Shipwright's Cottage has been listed as a San Francisco Designated Landmark since May 9, 2008. It is now called the Shipwright's Cottage Community Room.

== History ==
The house was originally occupied by shipwrights (or ship builders) that built scow schooners, from approximately 1875 until 1926. It was constructed by carpenter and shipwright Jan Janse Dirks, (later Americanized to John Johnson Dirks) who was born in the Netherlands. Dirks lived in the cottage with his family until 1892 when he retired from shipbuilding. Among the scow schooners he and his sons built at the adjacent boatyard were the Master Mariner (1876), the Wavelet (1878) and the Paul and Willie (1884). The cottage structure was made with fir wood, and in Italianate and Carpenter Gothic architecture styles. It originally had a windmill on the 2.4-acre property, with a private waterfront view.

From 1926 until 1961, the building served as the Anderson & Cristofani boatyard office.
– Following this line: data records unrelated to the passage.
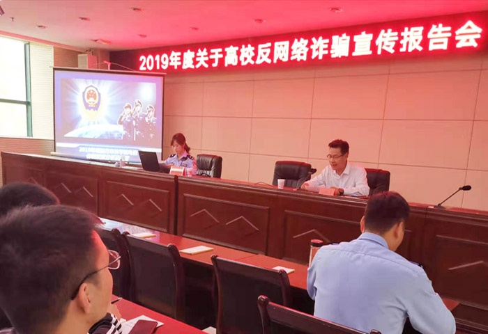 9月18日下午,按照学校网络宣传周活动安排,网络管理中心邀请信阳市公安局羊山分局姜玲玲警官来校作《高校防网络诈骗》专题报告。报告会由网络管理中心主任杜永强主持,学校各单位信息安全员、学生信息员和相关专业的学生代表参加了报告会。
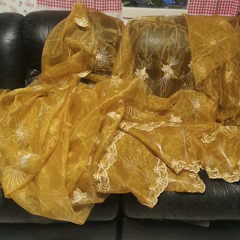 Kaksi tylliverhoa. Yhden verhon koko on noin 150 cm x 250 cm. Kuljetus Joensuuhun onnistuu.
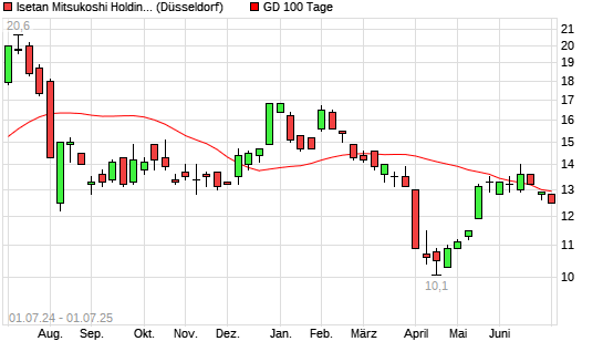 Mit dem Rücksetzer auf 12,80 EUR hat die Isetan Mitsukoshi Holdings-Aktie am 30.06.2025 die 100-Tage-Linie nach unten gekreuzt.

In the 1990s, the boatyard was shut down by the United States Environmental Protection Agency for illegal dredging; and the house eventually was sold to neglectful owners and fell into disrepair.

Famous boats built and repaired in India Basin boatyards include the scow schooner Alma (1891), now located at the San Francisco Maritime National Historical Park, World War II-era Victory Launch boats, and possibly Jack London's boat the Snark.

== Modern-day ==
In 2008, the land at 900 Innes Street was donated by Joe Cassidy, a local developer, to the Tenderloin Housing Clinic for the purpose of building neighborhood housing. In September 2010, the abandoned house had a roof fire, which added city agencies to pressure the Tenderloin Housing Clinic to renovate the building.

In 2014, the city of San Francisco purchased the house and the land. The Shipwright's Cottage was featured in the Joe Talbot film, The Last Black Man in San Francisco (2019).

In 2019, a US$25 million dollar grant from the John Pritzker Family Fund was awarded to help create an 8-acre park, encompassing the property. Construction for the city park took place from 2020 until 2025, and surrounds the former boatyard, and include the newly-restored Shipwright's Cottage building, which will serve as the park's visitor center.